The vase is heavier than she remembered, but then, she’s only ever slid it along the table, not actually picked it up, hefted it, taken it for a walk.
It was okay at first, sneaking across the lawns until she could connect up with the sealed drive where it went beyond sight of the house. It was okay. But then the driveway seems to be awfully long, so much longer than it should be, and she feels a fresh drop of panic in her brain, which joins the rest of the pool of panic that’s already there given the events of the evening. Makes things worse.
The dusk light is mostly gone and the trees are closing in, making the lane narrower and narrower.
It’s definitely getting heavier, this vase. The heavier it gets, the harder she finds walking and carrying. And though it takes a while, at some point she realises the vase isn’t actually empty. Something’s shifting about inside. She’s resisting the urge to try and take off the lid, just to satisfy her curiosity.
Then she starts to wonder why a vase has a lid.
Sissy thinks back to that article about the Qing vase in Hong Kong, about those almost ten million reasons why she thought this was a good idea. And she remembers that the word ‘vase’ wasn’t used at all.
It was ‘urn’.
Funerary urn. Those needs lids, don’t they? To keep things in.
It begins like butterflies, feathers. Soft laps against the skin. Pleasant.
Then less so.
More cumbersome. Like humidity clinging in high summer, sinking in until your very bones weigh a ton. And now, Sissy’s feet are wet and she’s sinking too. The driveway is no longer there, somehow she got turned around. Somehow, she left the path. Somehow she’s in the middle of the fucking swamp, those cypress trees like prison guards, and there are mists creeping through.

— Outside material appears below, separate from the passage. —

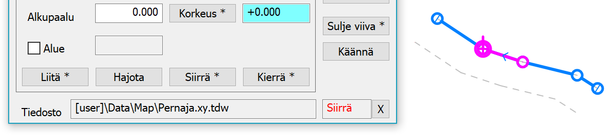 Siirrä-painikkeella voidaan siirtää koko viivaa. Painike käynnistää siirtotilan, jossa viiva siirtyy hiiren osoittamaan sijaintiin. Oletuksena viivan uusi sijainti annetaan suhteessa aktiivisen osion loppupisteeseen. Shift-näppäimen kanssa voidaan sijainti osoittaa suhteessa viivan referenssipisteeseen. Mikäli viivalla ei ole referenssipistettä, se lasketaan automaattisesti painopisteeseen. Alkuperäinen viiva näytetään harmaana siirron aikana ja Korkeus-kenttään voidaan antaa tarvittaessa siirron korkeusero. Siirto kuitataan tallentamalla viiva. Vastaavasti Kierrä-painikkeella voidaan viivaa kiertää joko aktiivisen osion loppupisteen tai referenssipisteen ympäri.

She notices that the water and mud around her feet aren’t so much pulling her in as the things like butterflies and feathers are pushing her down. Her steps falter, Sissy surrenders to gravity, still holding onto the urn.
The whispers start then, or perhaps they’ve been going for some while and she’s only now listening. She thinks of the something-on-the-stairs and wonders if she’s brought it out of the house with her.
Momma.
Momma.
Momma.
Momma.
Momma.
Distinct voices, she thinks. Five. Hollow. Echoing inside a porcelain funerary urn. Young. Infants? Babies? She thinks of the children who don’t visit their mother. Realises she’s never asked about them, where they are now, how long they’d lived. Why they don’t come home.
They’re already there.
The voices are bubbles in her ears.
The rushing of air from a thing trying to breathe underwater.
Maybe, maybe, maybe it’s just the sound of her own drowning.